California taxpayers are celebrating a rare victory. Despite Democrat efforts to extend them, the sweeping “temporary” tax increases of 2009 have gone away. This is an uncommon treat, as many prior tax hikes sold as “temporary” are still with us today.
As Californians enjoy the benefits of this victory, this month also marks the 20th anniversary of a prior sales tax increase that is still with us. On July 15, 1991 Californians were impaled with a "temporary" sales tax increase of 1.25%. This measure was enacted by the Legislature to address the state budget shortfall during the early 1990s economic downturn.
Fast forward to June of this year. A 2009 sales tax rate increase of 1% was set to expire on July 1, 2011. Despite a vote of the people against extending this and other temporary tax increases, Governor Jerry Brown and Democrat legislators unsuccessfully sought a five year extension of these taxes.
These higher taxes amounted to billions of dollars per year out of the pockets of struggling Californians and into the hands of wasteful government. Combine the 2009 temporary sales tax increase with the 1991 temporary sales tax increase, and we’re talking about $11 billion dollars per year taken from the people. And that’s not even counting the other tax hikes.

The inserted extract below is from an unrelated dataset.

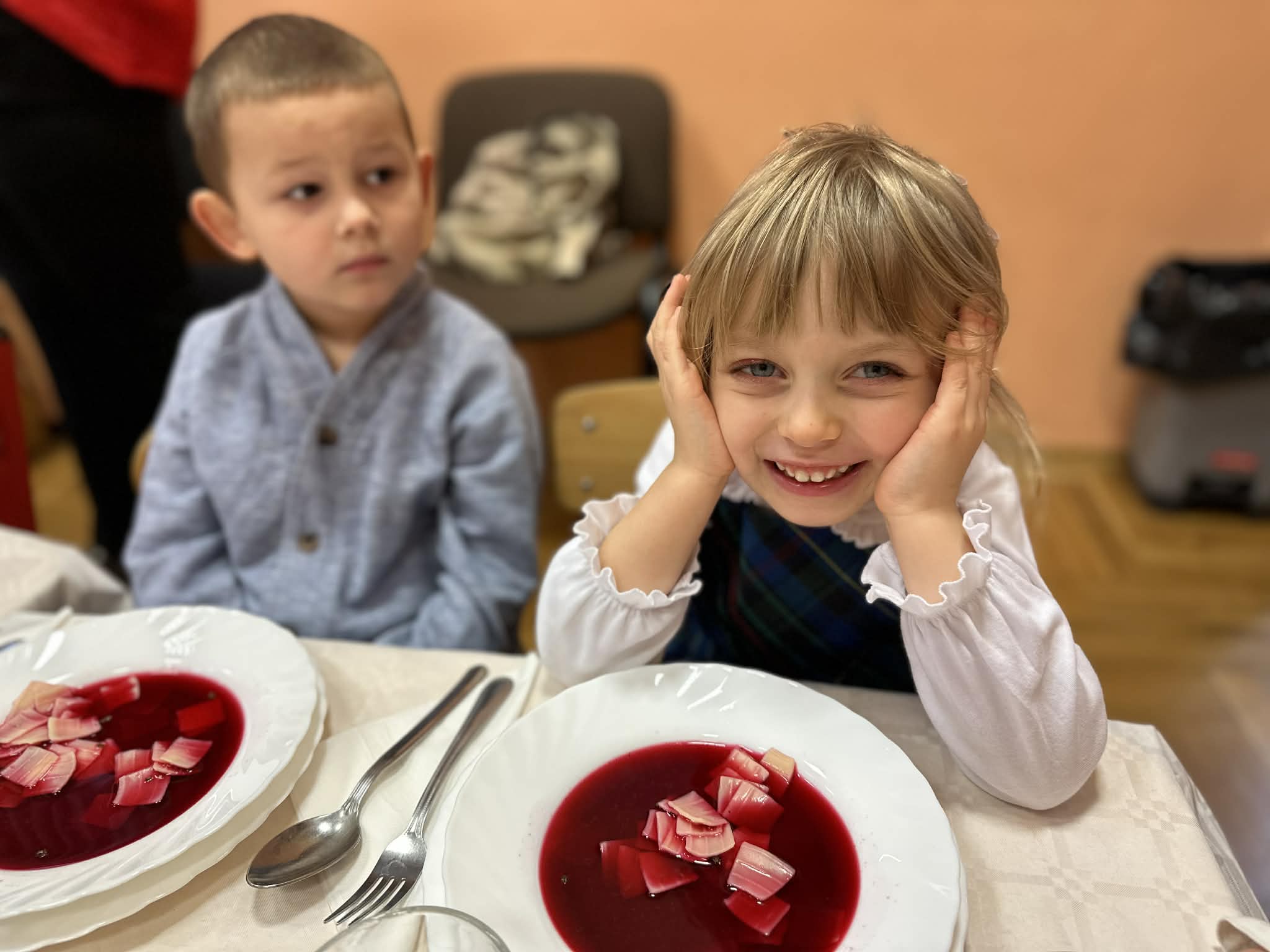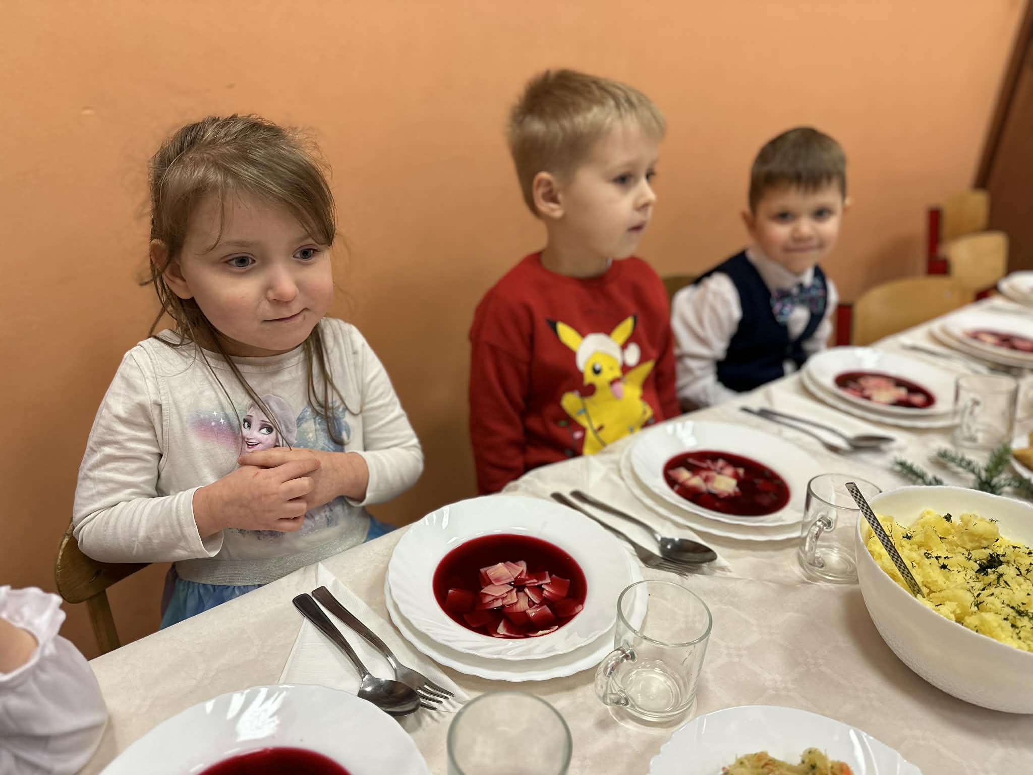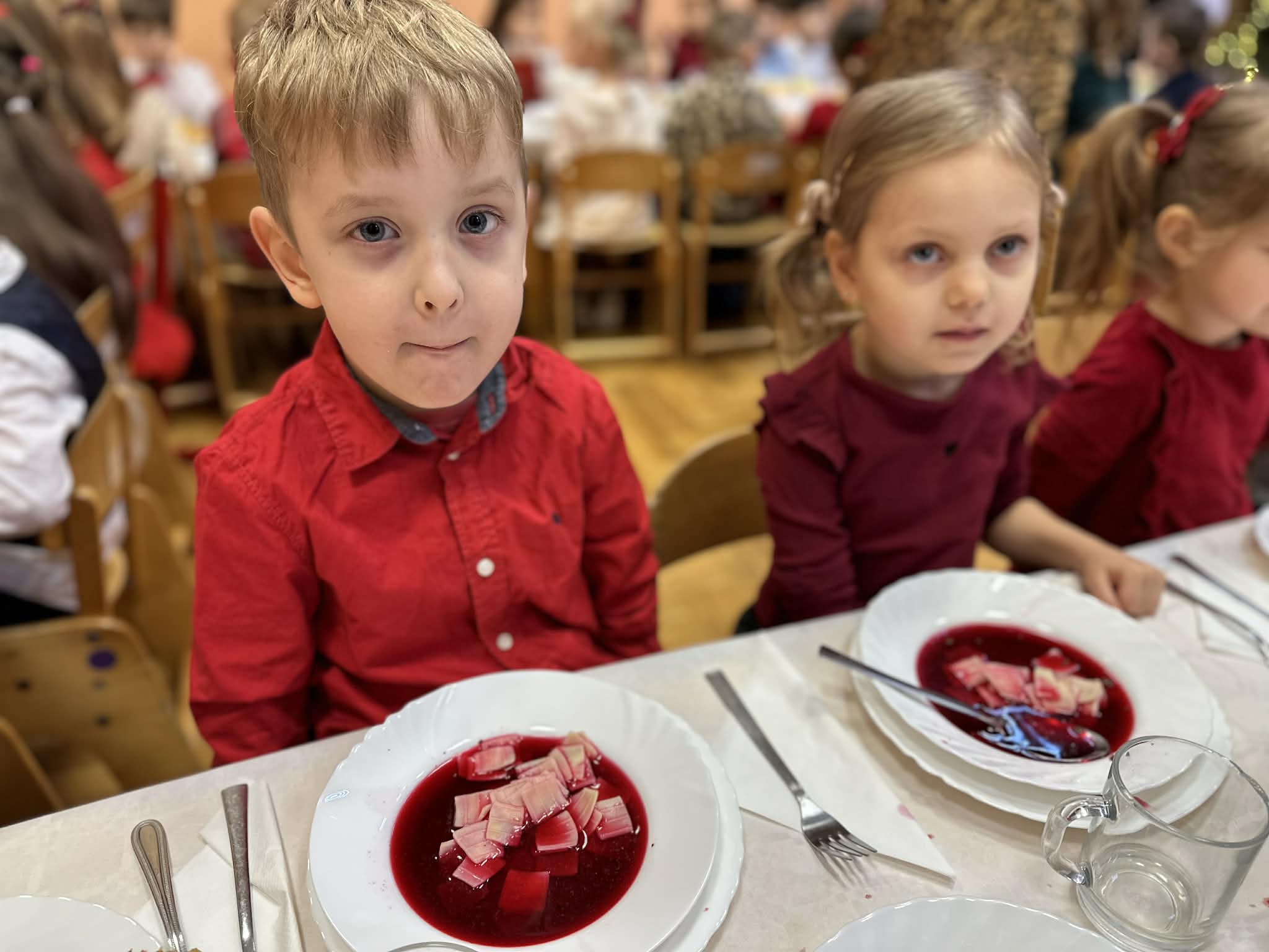 W dniu dzisiejszym w naszym przedszkolu odbył się Świąteczny Obiad, który zgromadził wszystkie dzieci oraz pracowników. Był to wyjątkowy, pełen ciepła i radości czas – wspólne chwile przy stole, uśmiechy, rozmowy i świąteczna atmosfera sprawiły, że poczuliśmy prawdziwą magię nadchodzących Świąt.

For most of our state’s existence California prospered with either no sales tax, or much lower rates than we have today. Today five states—Alaska, Montana, Oregon, Delaware and New Hampshire—still have no sales tax at all. Of these states, two—Alaska and Montana—are among only four states which have no budget deficit.
California opened its doors to the sales tax in 1933 with the Riley-Stuart Act, as did several other states. It was sold as an "emergency measure" during the Great Depression, at a rate of just 2%. As late as 1977 the sales tax rate in California was still only 4.75%. Despite our recent tax reduction, our 7.25% statewide rate remains the highest in the nation, not including over 130 different local governments imposing their own sales tax—raising the tax rate to nearly 10% in some areas.
The answer to California’s problems isn’t higher taxes. Californians already bear the sixth highest tax burden in the nation. Rather we must reduce taxes and limit regulations to create an environment where job creators can expand and thrive.
As this month’s somber tax anniversary passes with little notice, let it be a reminder that the government’s appetite for your money is insatiable, and “temporary” taxes rarely go away.